There are 1,200 lots made up of not only Edwardian vintage cars and veteran buses and fire engines, but also a large range of automobilia items.
They go under the hammer in a two-day Bonhams sale at Cranbrook Road on Thursday and Friday, with admission by catalogue only at £25 for two people – available only from Bonhams.
Mr Banfield’s wife Susan has many stories of his early buying trips, one she says he regretted all his life.
He travelled with his father Charles to Edinburgh in the late 50s with a trailer to see a D-type Jaguar the Scottish Racing team Ecurie Ecosse had available to purchase.
“But his father put him off, telling him: ‘I don’t know why you brought me all the way here to see a car that looks like a sausage’.

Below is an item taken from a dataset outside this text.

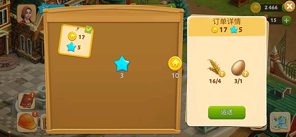 9、另外在订单板中,玩家消耗相应物资完成订单后同样可以获得星星和金币奖励哦。

“For the remainder of his life Michael regretted taking his father’s advice.”
An understandable feeling. Today the D-type racing Jaguar, which can reach a speed of 172.8 mph, has sold for telephone numbers at auctions – one for £2,201,500 in July 2008, another for £1,706,000 sold in 1999.
“Michael was a real enthusiast. One of his early purchases was when he was only 23,” said Mrs Banfield.

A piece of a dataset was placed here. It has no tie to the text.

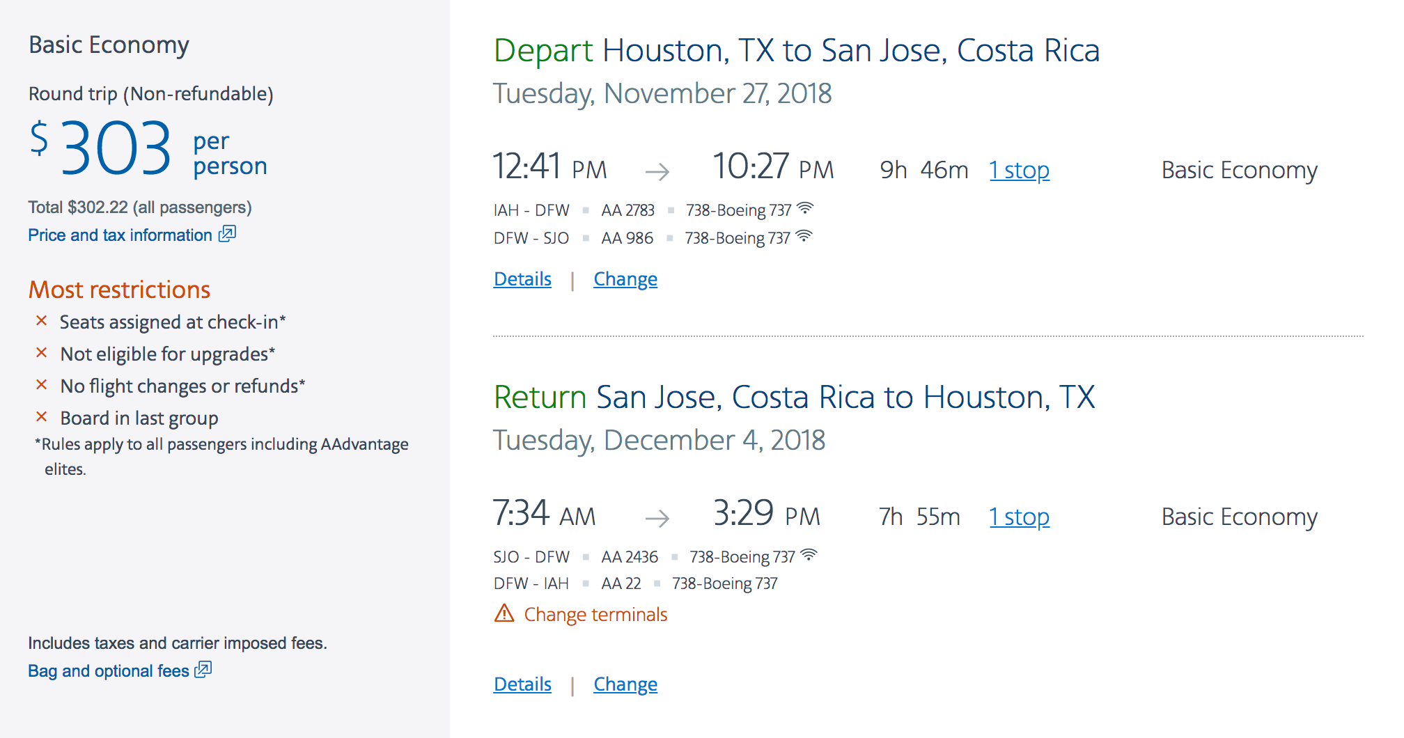 Houston (IAH) to San José (SJO) for $303 round-trip on American Airlines:

“He took this old vehicle out for a ride and paid for it in cash – £400 in notes straight out of an old school satchel.”
One commercial vehicle on sale will be a cream and green coloured 1932 Leyland Titan TD2 double-deck bus which had spent its life in Jersey.
“Michael bought it in 1960 and paid £40 and also £49 to ship it from Jersey,” said Mrs Banfield.
It now carries an auction price of £28,000-£40,000.
“It’s a major responsibility to be looking after a collection – 80% of which is nearly 100 years old – and there comes a day when a decision has to be made for other people to look after them,” she added.